*SOURCE MATERIAL*
# # # #

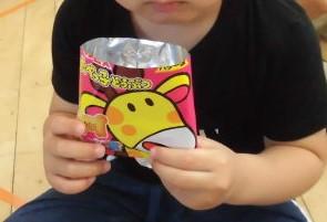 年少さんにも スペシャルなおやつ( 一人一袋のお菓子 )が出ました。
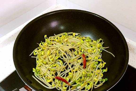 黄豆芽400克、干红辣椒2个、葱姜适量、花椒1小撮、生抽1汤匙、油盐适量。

# # # #

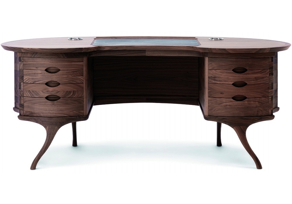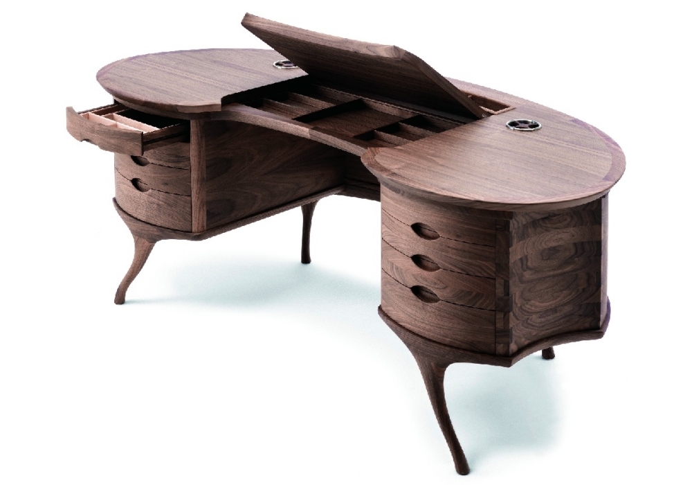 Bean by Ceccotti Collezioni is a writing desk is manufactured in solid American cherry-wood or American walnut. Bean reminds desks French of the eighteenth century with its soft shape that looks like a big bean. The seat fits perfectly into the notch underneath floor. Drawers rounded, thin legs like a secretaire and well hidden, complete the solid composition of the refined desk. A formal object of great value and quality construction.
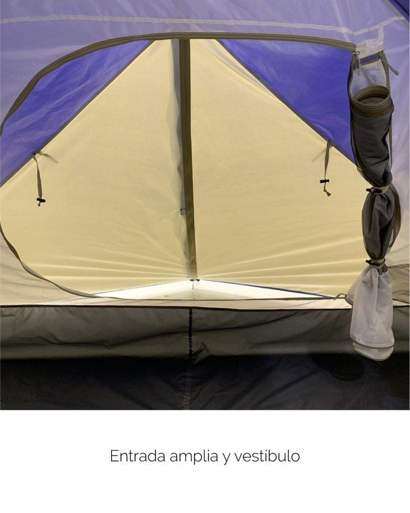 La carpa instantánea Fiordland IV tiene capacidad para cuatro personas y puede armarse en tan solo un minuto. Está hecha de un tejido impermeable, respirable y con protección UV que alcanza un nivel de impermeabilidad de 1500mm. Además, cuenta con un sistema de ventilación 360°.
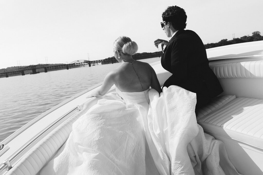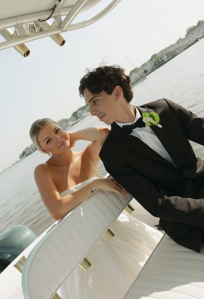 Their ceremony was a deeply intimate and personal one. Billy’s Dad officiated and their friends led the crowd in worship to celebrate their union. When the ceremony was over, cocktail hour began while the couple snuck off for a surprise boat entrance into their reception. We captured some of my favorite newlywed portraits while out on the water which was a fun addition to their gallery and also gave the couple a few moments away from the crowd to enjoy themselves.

# # # #

Would you print exactly the lines in the listing above, from the line bearing "年少さんにも スペシャルなおやつ( 一人一袋のお菓子 )が出ました。" through the line bearing "黄豆芽400克、干红辣椒2个、葱姜适量、花椒1小撮、生抽1汤匙、油盐适量。", leaving out all pictures?

 年少さんにも スペシャルなおやつ( 一人一袋のお菓子 )が出ました。
 黄豆芽400克、干红辣椒2个、葱姜适量、花椒1小撮、生抽1汤匙、油盐适量。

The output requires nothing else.